Atlanta, GA (PRWEB) January 19, 2015
Bill Lowe Gallery presents Primal Poetry, an examination of primitive forms, symbols, indigenous cultures and their enduring impact on the contemporary psyche. James Havard and Michel Meyer, much like the romantic poets of the late 18th century, approach painting with a strong belief in the senses and emotions, rather than reason and intellect. Both artists present an application of gestures and symbols imbued with lyrical, sublime, sometimes naive strokes in contrasting compositional density. These opposing senses of space lend themselves to a dialogue between the intimate and universal.
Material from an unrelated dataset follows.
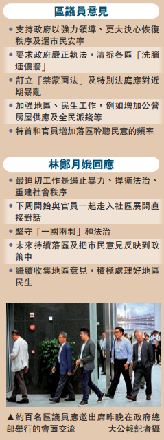 “现在最迫切的工作就是遏止暴力、捍卫法治、重建社会秩序。”林郑月娥表示,她和整个管治团队会以真诚、深入的态度,与社会各阶层、不同背景和政见的人士直接对话,聆听大家的声音,包括对社区问题、社会现状及稍后发表的施政报告的意见,从而令政府的工作做得更好,亦让市民直接发表心中的不满、抑压的看法。她澄清,这次与区议员会面并非早前所提及的落区,下周开始她和政府官员就会走入社区展开直接对话。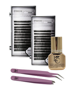 Eyebrow Extensions Premium Kit with 2 Trays of Mink Eyebrows in Black Color, Comes on Mixed Length Trays 5-8 mm Mix, Eyebrow Premium Glue Clear & Dual Pack (Straight & Curved Tip) Extension Tweezers

James Havard’s illustrious career has spanned more than fifty years, and his work is included in many private and public collections, including the Guggenheim Museum, New York; the Smithsonian Institution, Washington, D.C. and the Museum of Modern Art, New York.
His highly individual work draws inspiration from Native American and African tribal cultures, as well as cave paintings and children’s drawings. It is often full of inner demons and dark, multicultural symbols. Yet they are also affectively humorous, endowed with qualities that we recognize immediately as inherent to the human condition.
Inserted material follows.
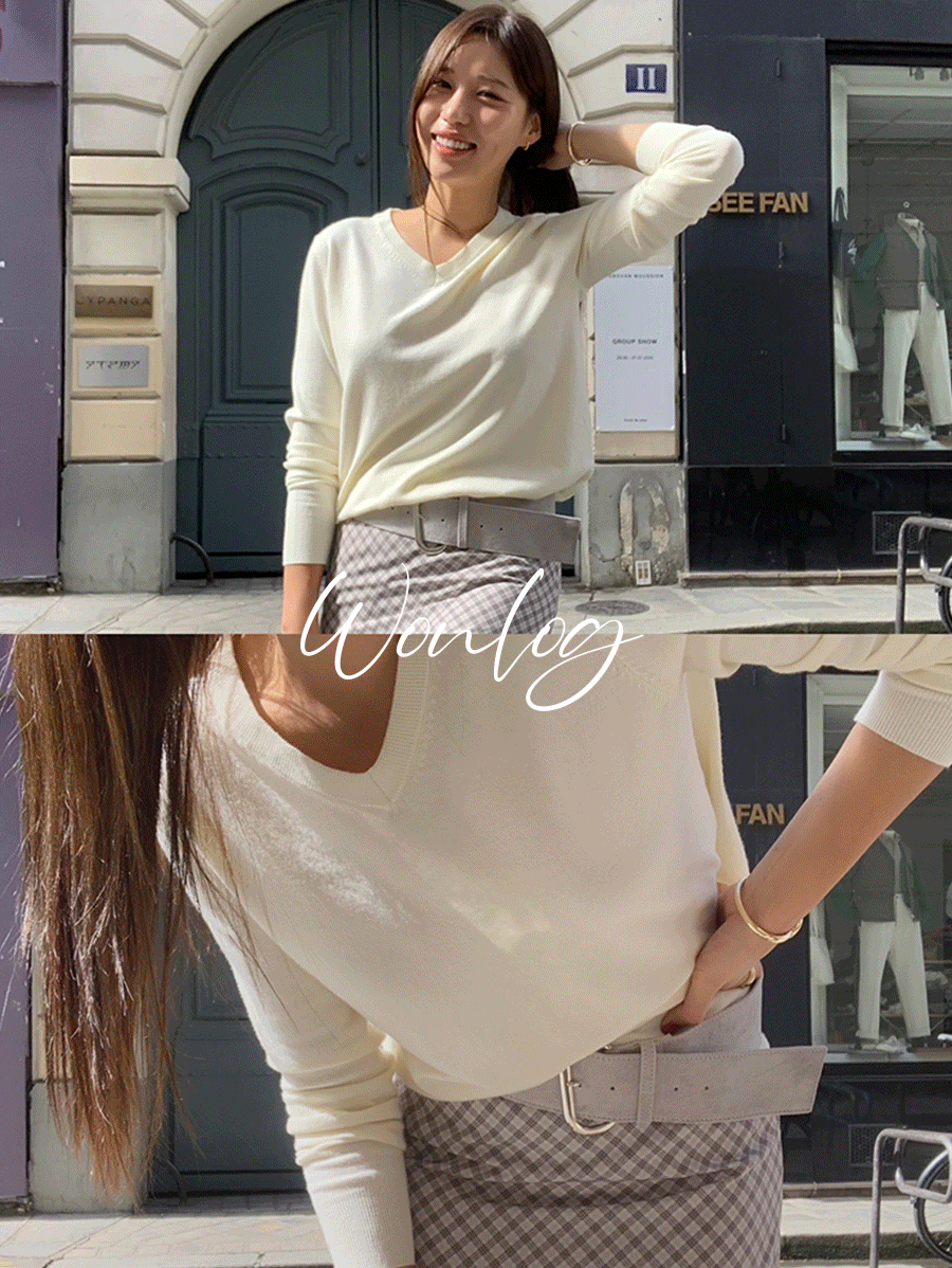 [단독][+네이비/누적1만장] WONT 치즈 브이넥 니트

Though conceived to fool the eye, Havard’s paintings are at once daring and subtle, complex in scheme and simplistic in symbolic reference. With their consistent play of space and light, their lush, almost elegant use of paint and wax, their concern with a vocabulary of primitive symbols, they contradict preconceived notions of order by being simultaneously decorative and refined, structured and loose, innocent and sophisticated. They are totally disarming.
German-born Michel Meyer’s art functions in the true Romantic sense: the known and the familiar become surprisingly remote and mysterious. As you look, you experience a recurring jolt (mostly pleasant), a sudden awareness. And it is herein that the real pleasure and enjoyment in Michel Meyer’s paintings is to be found.
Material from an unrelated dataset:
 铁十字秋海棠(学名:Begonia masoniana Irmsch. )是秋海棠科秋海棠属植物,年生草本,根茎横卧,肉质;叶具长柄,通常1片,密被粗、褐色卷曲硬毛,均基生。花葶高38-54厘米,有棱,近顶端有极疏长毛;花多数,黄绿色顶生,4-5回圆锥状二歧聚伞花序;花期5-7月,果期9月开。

Meyer’s works flit between figure and abstraction, and are expressively colorful and full of symbols. What lies behind them may be a glimpse into the human psyche, but in any case generates – now distorted in the manner of a caricature, now with marvelously muted poetry – a certain tension.
Composing painting much like Romantic-Poet Novalis, Meyer gives “the ordinary a higher value, the usual an element of secrecy, the well-known the value of the unknown and the finite the appearance of infinity”.
Bill Lowe Gallery presents a survey of primary works by Meyer spanning over a decade
BILL LOWE GALLERY has for a quarter of a century ranked as the south’s pre-eminent contemporary gallery. It sanctions a vigorous advocacy of potent primary and alternative voices in art.
The gallery represents artists from around the globe who share powerful and eloquent visions supported by a highly advanced mastery of their media. The visceral emotionality and sheer physicality of its work lends a highly theatrical flavor to the gallery’s offering. Thematically, the gallery’s aesthetic is characterized by a metaphysical yearning articulated by process and imagery which is strongly psycho-spiritual and psycho-sexual in nature.